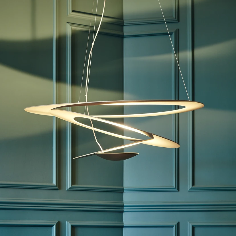 Dizajnové umenie v dokonalosti - závesné svietidlo Pirce LED Závesné svietidlo Pirce LED spája vysoké dizajnové umenie s inovatívnou technológiou. Je to zásluha jej tvorcu, dizajnéra Giuseppeho Maurizia Scutellu, ktorý vo svojich výtvoroch spája dizajnové a umelecké trendy minulého storočia s najmodernejšími technológiami. Zvláštnosťou svietidla Pirce je trojrozmerné tienidlo, ktoré pozostáva z hliníkového disku vyrezaného laserom. Výsledné organicky tvarované hliníkové disky sa šíria smerom nadol v špirále, čím vytvárajú filigránsky a umelecký vzhľad. Guiseppe Maurizio Scutellà navrhol sériu Pirce v spolupráci s výrobcom svietidiel Artemide. Vďaka umeleckému dizajnu patrí Pirce medzi predajnú klasiku a získalo už niekoľko ocenení za dizajn.
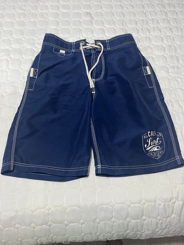 mavi erkek yüzme şortu, bol kesim ve kemerli bel ile rahatlık sağlar. Düz ve küçük logo detaylı, plaj için uygundur.
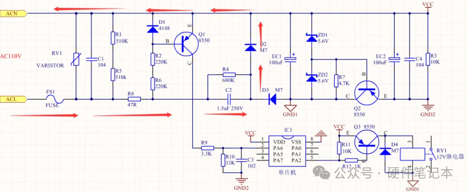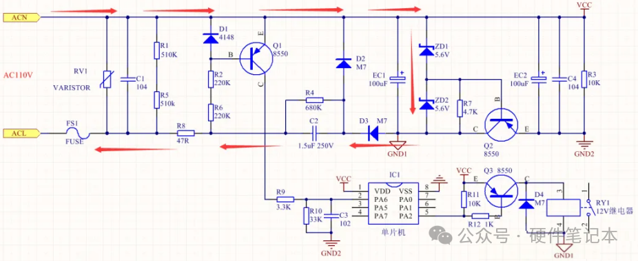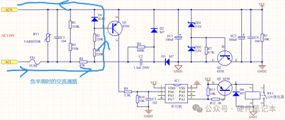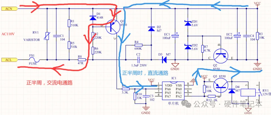 先说阻容降压部分,R8,C2,D2,D3,ZD1,ZD2构成常见阻容降压电路,交流电经过半波整流阻容降压后,在两个稳压管ZD1,ZD2两端形成11.2V左右的直流电压(这个电压是提供给后面的12V继电器使用的)。阻容降压电路交流电的正负半周的电流流向分别如下:
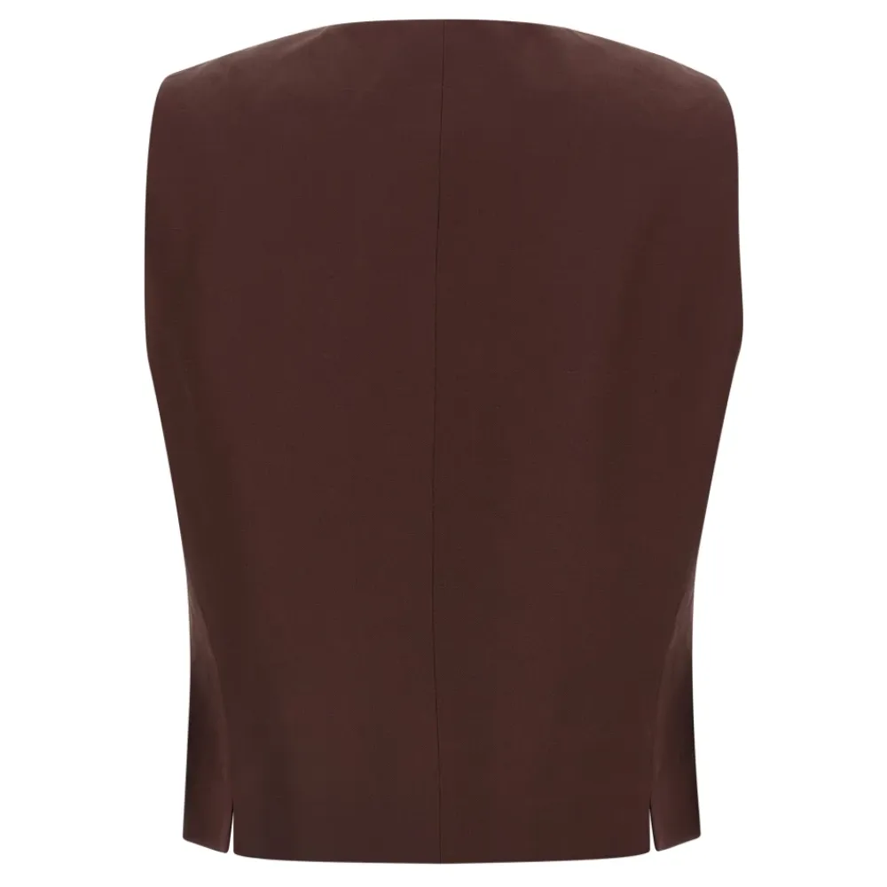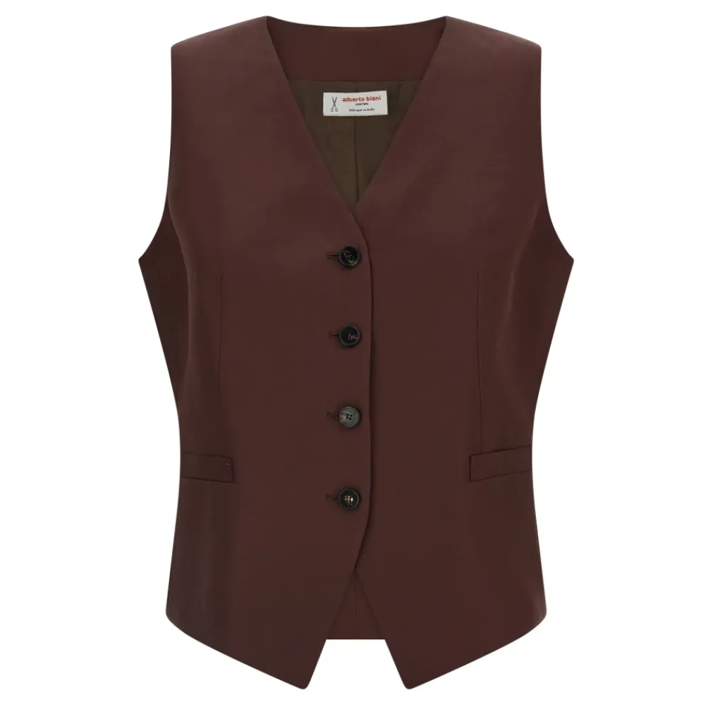 Alberto Biani viskose- og linnedvest – et let skræddersyet lag med V-hals og asymmetrisk kant, ideel til smarte hverdagslooks og lag-på-lag-looks. Vigtigste egenskaber: Brun | Viskose og linned | Knaplukning foran | Påsyede lommer | Foret | V-hals | Asymmetrisk kant | Uden ærmer | Mål og pasform: Normal pasform | Sammensætning og pleje: Viskose | Linned
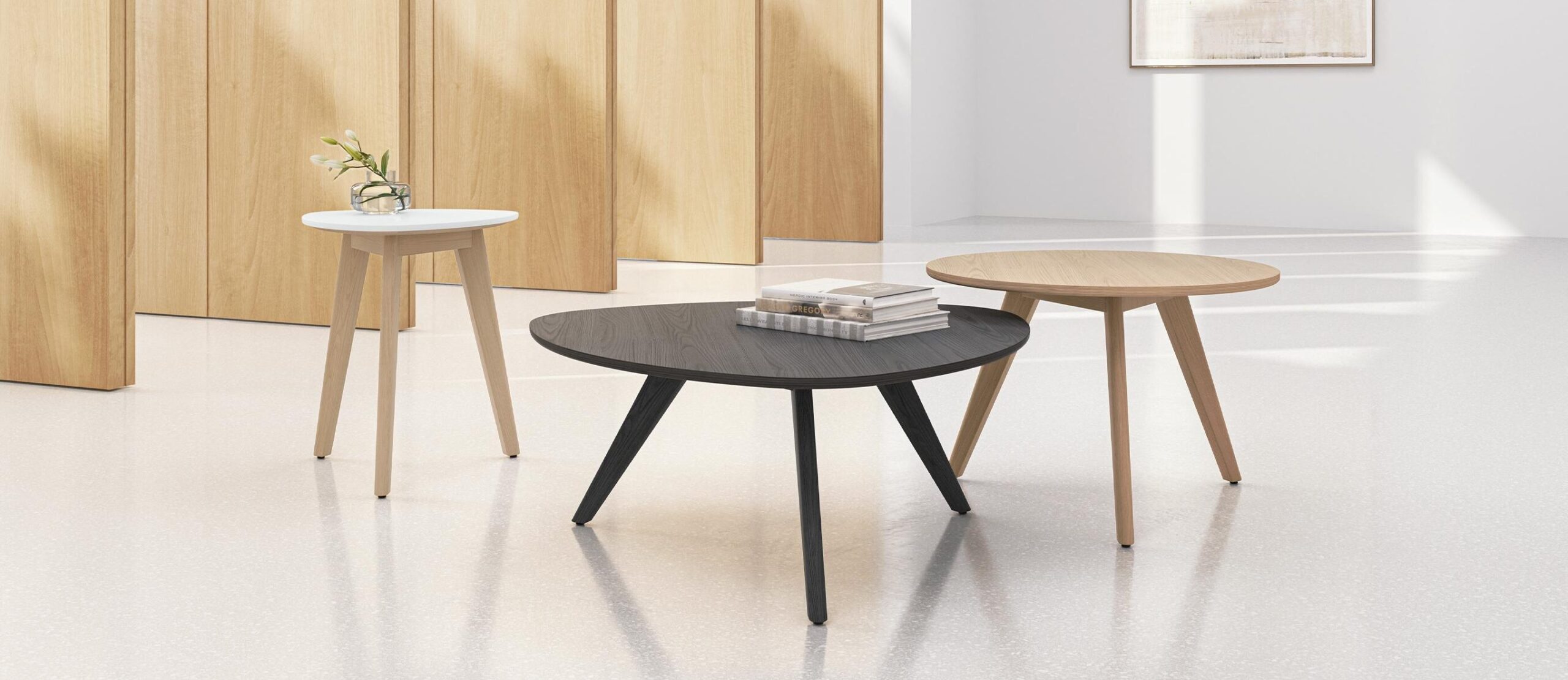 Ravelle tables add a distinctive cadence to modern interiors with round and soft triangular forms that nest together with ease. This versatile collection plays into today’s trend of flexible, mixed-height groupings offering the freedom to style as one, or curate in multiples. With a variety of finish options, Ravelle adapts to any aesthetic, making symmetry, contrast, or uniformity the order of the day.
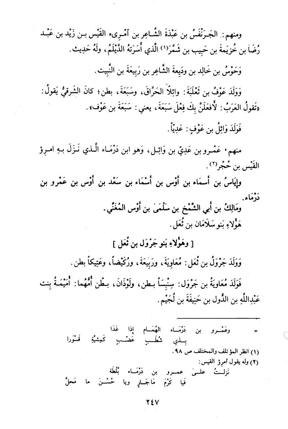 منهم: عُمُرّو بن عَدِيّ بن وائِلُ، وهو أبن دَرْمَاء الَّذي نَزَلَ به امُرّؤ القسي بن حُجْر.
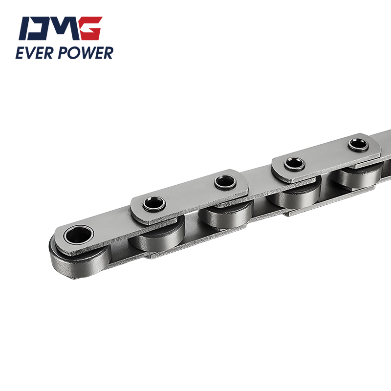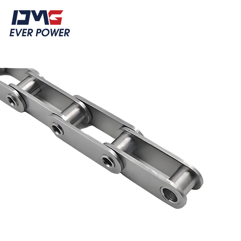 Hollow pin shaft chain is relative to solid pin shaft chain. According to different usage occasions, various types of accessories, such as accessory shafts, cross bars, etc., are installed in the hollow pin shaft of the chain to realize material lifting and transportation. The main products include short pitch hollow pin shaft conveyor chain, double pitch hollow pin shaft conveyor chain, non-standard hollow pin shaft conveyor chain, etc.; ● Adopting high-quality materials and advanced processing technology, the product has the characteristics of stable transportation and high synchronization.
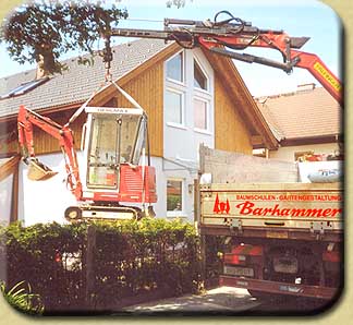 Sollte das Gartentor zu schmal sein, mit den Geräten in den Garten zu kommen, können wir unsereGeräte und Materialien, Bäume, etc. mit dem Kran über die Hecke oder die Mauer heben.
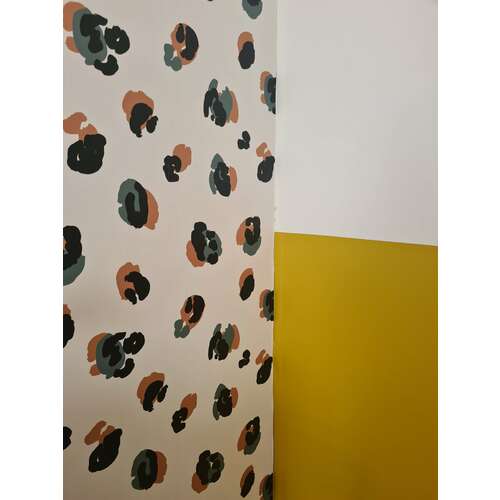 Ik heb op de kamer van mn zoontje een lambrisering van een beetje een felle okergeel en op 1 muur heb ik een panterprint behang. Niet echt hele felle kleuren, maar het is zeker geen pastel kamertje 😅
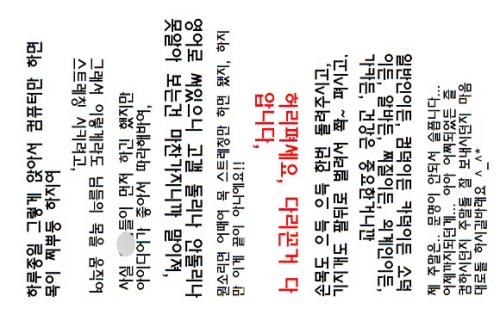 사진 속에는 90도씩 회전시킨 두 세줄짜리 문구들이 10여개 정도 담겨 있다.
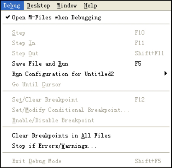 Debug菜单用于程序调试,需要与Breakpoints菜单项配合使用。MATLAB R2008b的Debug菜单中的菜单项介绍如下。
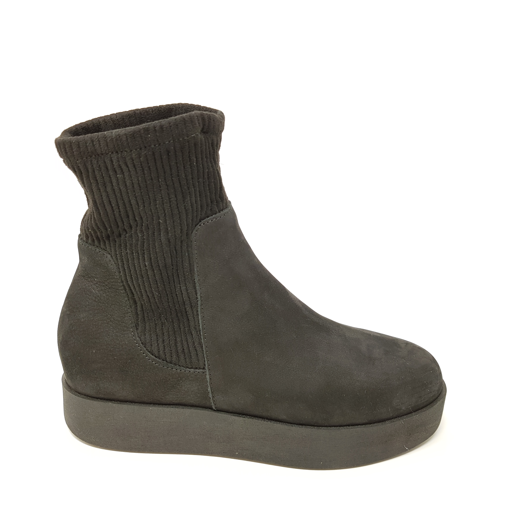 Dieser Plateau Schlupfstiefel ist aus hochwertigem Leder und strechhaltigem Strumpf hergestellt. Einfach einschlupfen - fertig. Sie sieht toll zu Leggins, Hosen und Jeans aus, aber durch die schmale Form aus ganz toll zu Kleider und Röcken.
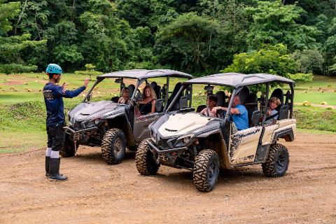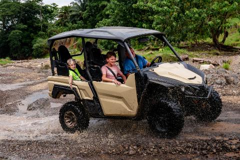 Welcome to the ultimate Jungle & River Buggy Adventure in Costa Rica for 3 participants. This tour puts you in the driver’s seat of a high-performance off-road vehicle. At our adventure center, you will receive complete driving instructions and take a short test run on our specially designed private track. From there, your bilingual guide will lead you along jungle trails, rivers, and fun muddy dirt paths. Time and trail conditions permitting, you can take a refreshing swim in our natural swimming pool. Throughout the adventure, your guides will provide cold water, and at the end, you will be greeted with fresh tropical fruits and water.

● **TASK BRIEF**
This exercise needs every entry retyped exactly, with the pictures removed.

● **ANSWER TO THE EXERCISE**
 Dizajnové umenie v dokonalosti - závesné svietidlo Pirce LED Závesné svietidlo Pirce LED spája vysoké dizajnové umenie s inovatívnou technológiou. Je to zásluha jej tvorcu, dizajnéra Giuseppeho Maurizia Scutellu, ktorý vo svojich výtvoroch spája dizajnové a umelecké trendy minulého storočia s najmodernejšími technológiami. Zvláštnosťou svietidla Pirce je trojrozmerné tienidlo, ktoré pozostáva z hliníkového disku vyrezaného laserom. Výsledné organicky tvarované hliníkové disky sa šíria smerom nadol v špirále, čím vytvárajú filigránsky a umelecký vzhľad. Guiseppe Maurizio Scutellà navrhol sériu Pirce v spolupráci s výrobcom svietidiel Artemide. Vďaka umeleckému dizajnu patrí Pirce medzi predajnú klasiku a získalo už niekoľko ocenení za dizajn.
 mavi erkek yüzme şortu, bol kesim ve kemerli bel ile rahatlık sağlar. Düz ve küçük logo detaylı, plaj için uygundur.
 先说阻容降压部分,R8,C2,D2,D3,ZD1,ZD2构成常见阻容降压电路,交流电经过半波整流阻容降压后,在两个稳压管ZD1,ZD2两端形成11.2V左右的直流电压(这个电压是提供给后面的12V继电器使用的)。阻容降压电路交流电的正负半周的电流流向分别如下:
 Alberto Biani viskose- og linnedvest – et let skræddersyet lag med V-hals og asymmetrisk kant, ideel til smarte hverdagslooks og lag-på-lag-looks. Vigtigste egenskaber: Brun | Viskose og linned | Knaplukning foran | Påsyede lommer | Foret | V-hals | Asymmetrisk kant | Uden ærmer | Mål og pasform: Normal pasform | Sammensætning og pleje: Viskose | Linned
 Ravelle tables add a distinctive cadence to modern interiors with round and soft triangular forms that nest together with ease. This versatile collection plays into today’s trend of flexible, mixed-height groupings offering the freedom to style as one, or curate in multiples. With a variety of finish options, Ravelle adapts to any aesthetic, making symmetry, contrast, or uniformity the order of the day.
 منهم: عُمُرّو بن عَدِيّ بن وائِلُ، وهو أبن دَرْمَاء الَّذي نَزَلَ به امُرّؤ القسي بن حُجْر.
 Hollow pin shaft chain is relative to solid pin shaft chain. According to different usage occasions, various types of accessories, such as accessory shafts, cross bars, etc., are installed in the hollow pin shaft of the chain to realize material lifting and transportation. The main products include short pitch hollow pin shaft conveyor chain, double pitch hollow pin shaft conveyor chain, non-standard hollow pin shaft conveyor chain, etc.; ● Adopting high-quality materials and advanced processing technology, the product has the characteristics of stable transportation and high synchronization.
 Sollte das Gartentor zu schmal sein, mit den Geräten in den Garten zu kommen, können wir unsereGeräte und Materialien, Bäume, etc. mit dem Kran über die Hecke oder die Mauer heben.
 Ik heb op de kamer van mn zoontje een lambrisering van een beetje een felle okergeel en op 1 muur heb ik een panterprint behang. Niet echt hele felle kleuren, maar het is zeker geen pastel kamertje 😅
 사진 속에는 90도씩 회전시킨 두 세줄짜리 문구들이 10여개 정도 담겨 있다.
 Debug菜单用于程序调试,需要与Breakpoints菜单项配合使用。MATLAB R2008b的Debug菜单中的菜单项介绍如下。
 Dieser Plateau Schlupfstiefel ist aus hochwertigem Leder und strechhaltigem Strumpf hergestellt. Einfach einschlupfen - fertig. Sie sieht toll zu Leggins, Hosen und Jeans aus, aber durch die schmale Form aus ganz toll zu Kleider und Röcken.
 Welcome to the ultimate Jungle & River Buggy Adventure in Costa Rica for 3 participants. This tour puts you in the driver’s seat of a high-performance off-road vehicle. At our adventure center, you will receive complete driving instructions and take a short test run on our specially designed private track. From there, your bilingual guide will lead you along jungle trails, rivers, and fun muddy dirt paths. Time and trail conditions permitting, you can take a refreshing swim in our natural swimming pool. Throughout the adventure, your guides will provide cold water, and at the end, you will be greeted with fresh tropical fruits and water.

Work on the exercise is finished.